Cachexia

Reviewed by Pooja V. Menon, RD · Last updated

Cachexia (pronounced kuh-KEK-see-uh) is not simply eating too little. It is driven by systemic inflammation and tumour or disease-derived metabolic signals that actively break down muscle and fat — even when nutritional intake appears adequate. This makes it fundamentally different from sarcopenia (age-related muscle loss) or simple starvation.

Diagnostic criteria generally include greater than 5% involuntary weight loss in 12 months (or BMI below 20 kg/m²) combined with reduced muscle strength and elevated inflammatory markers. It is most common in late-stage cancer — particularly lung, pancreatic, and gastrointestinal cancers — but also in advanced heart failure, COPD, and end-stage renal disease.

Nutrition’s role is important but limited.

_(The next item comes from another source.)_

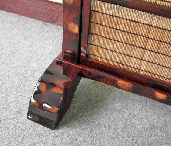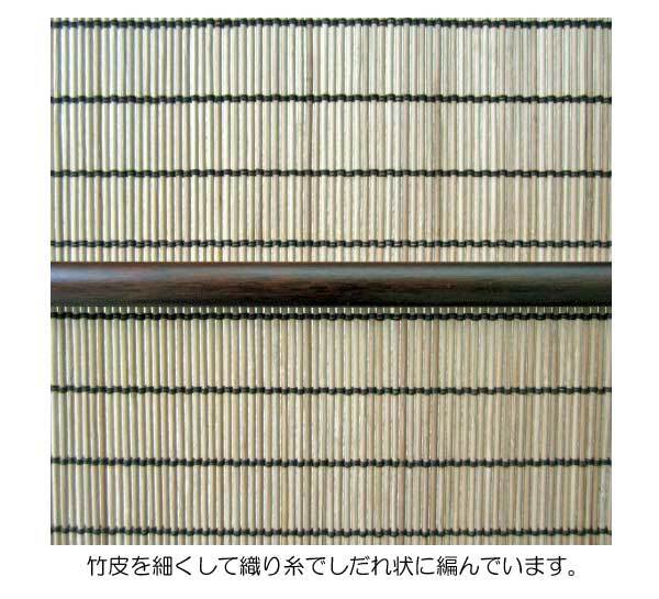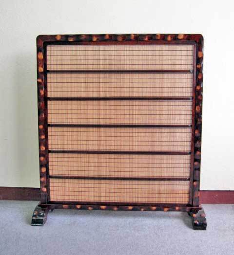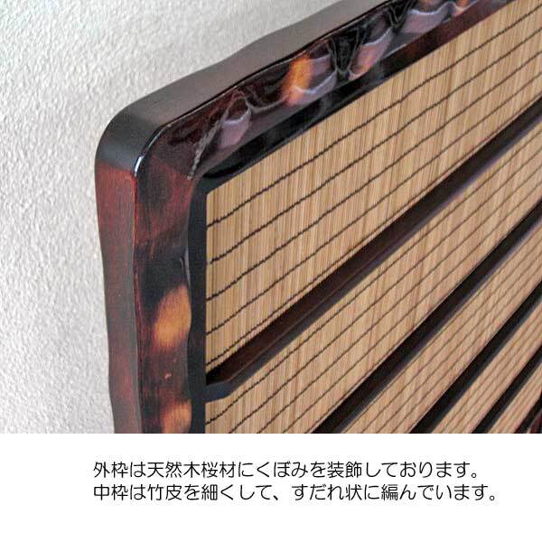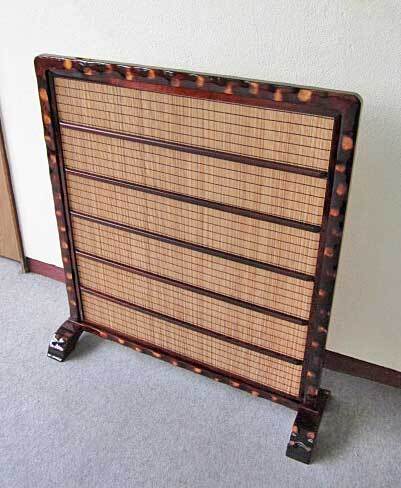 | 特徴 | ●昔ながらの伝統の一品。部屋の間仕切りや玄関先での目隠しとして最適です。 ●外枠は天然杢桜材を使用した本格的な衝立でブロンズ色に仕上げてあります。 ●中枠には、竹の皮を織り糸ですだれ状に編んでいます。 ●冬には「ふすま」と入れ替える事ができるので一年中使えます。 |

Adequate energy and protein intake can slow the rate of loss and support treatment tolerance (for example, maintaining weight during chemotherapy improves the ability to complete a full course). However, nutritional support alone cannot fully reverse cachexia because the underlying metabolic driver — systemic inflammation — persists while the disease is active.

This is a critical distinction: families and patients should understand that cachexia-related weight loss is not a failure of appetite or willpower, and cannot be corrected simply by “eating more.” Aggressive forced feeding can cause harm and distress without reversing the process.

Management is multidisciplinary: clinician, oncologist or specialist, registered dietitian, physiotherapist. Goals should be individualised and realistic — often focused on comfort, quality of life, and tolerating treatment rather than weight gain.